→ What is needed: Pictures are to be omitted, and every entry below is to be restated exactly.

→ Source records:
★ ★ ★ ★ ★ ★ ★
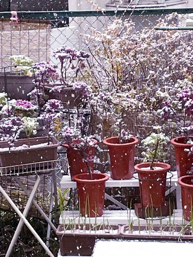 [@id:1255129] さん こんにちは😃積もりそうな雪❄️❄️❄️❄️ですねー 降り出しの頃に比べると落ちて来る速さが🤭😳違う!庭は5cmでは無さそうで〜す
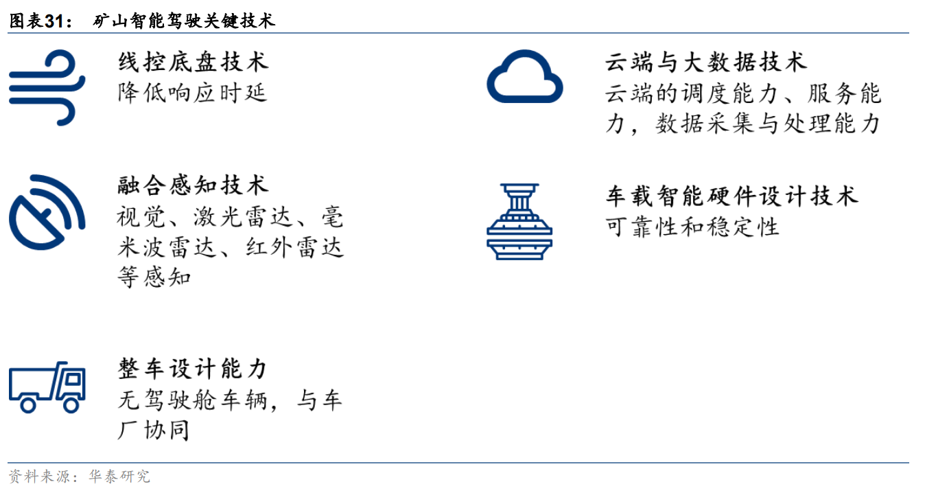 1)线控底盘技术,矿车体型巨大,重量更是数以百吨计,响应时延长,其车辆控制技术与 乘用车大相径庭,线控底盘与相关技术前瞻能力至关重要;
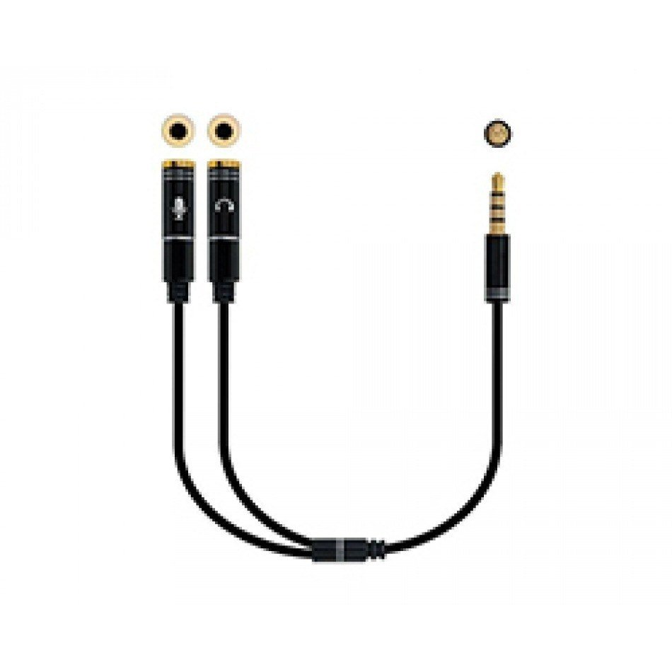Nanocable Cable adaptador Audio Jack 3.5/M 4pines - 2xJack 3.5/H 3pines, negro, 30 cm. Conector 1: 3,5mm, Género del conector 1: Macho, Conector 2: 2 x 3.5mm, Género del conector 2: Hembra, Material del cable: Cobre, Longitud de cable: 0,3 m, Color del producto: Negro
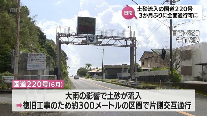 今年6月、大雨による土砂の流入で片側交互通行が続いていた日南市の国道220号の一部区間が、30日夕方から3か月ぶりに全面通行となりました。ただ、8月の地震による落石で片側交互通行となっている区間では、今も復…
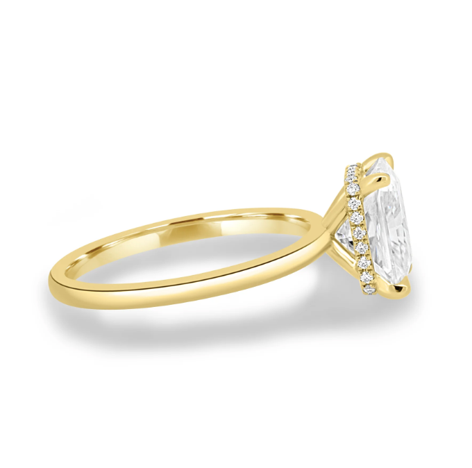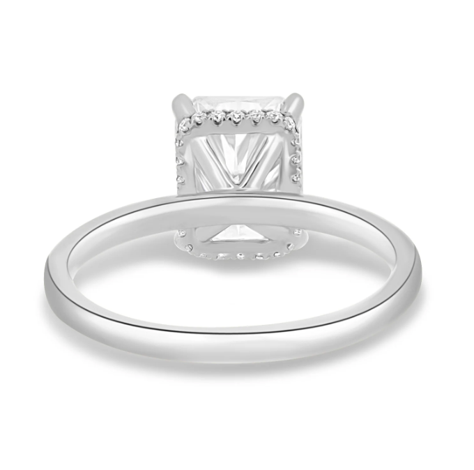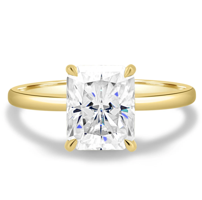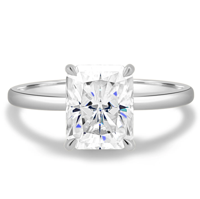 Introducing Leanna, the perfect engagement ring for the modern couple. With a stunning 4ct Radiant cut moissanite stone, Leanna is sure to turn heads. The solitaire band and hidden halo design add a touch of elegance to this already stunning piece. Available in 1.8mm 925 sterling silver, 9ct gold, or 18ct gold, Leanna can be customized to fit any style and budget. Make a statement with Leanna and make your engagement unforgettable.
★ ★ ★ ★ ★ ★ ★
→ Answer section:
 [@id:1255129] さん こんにちは😃積もりそうな雪❄️❄️❄️❄️ですねー 降り出しの頃に比べると落ちて来る速さが🤭😳違う!庭は5cmでは無さそうで〜す
 1)线控底盘技术,矿车体型巨大,重量更是数以百吨计,响应时延长,其车辆控制技术与 乘用车大相径庭,线控底盘与相关技术前瞻能力至关重要;
Nanocable Cable adaptador Audio Jack 3.5/M 4pines - 2xJack 3.5/H 3pines, negro, 30 cm. Conector 1: 3,5mm, Género del conector 1: Macho, Conector 2: 2 x 3.5mm, Género del conector 2: Hembra, Material del cable: Cobre, Longitud de cable: 0,3 m, Color del producto: Negro
 今年6月、大雨による土砂の流入で片側交互通行が続いていた日南市の国道220号の一部区間が、30日夕方から3か月ぶりに全面通行となりました。ただ、8月の地震による落石で片側交互通行となっている区間では、今も復…
 Introducing Leanna, the perfect engagement ring for the modern couple. With a stunning 4ct Radiant cut moissanite stone, Leanna is sure to turn heads. The solitaire band and hidden halo design add a touch of elegance to this already stunning piece. Available in 1.8mm 925 sterling silver, 9ct gold, or 18ct gold, Leanna can be customized to fit any style and budget. Make a statement with Leanna and make your engagement unforgettable.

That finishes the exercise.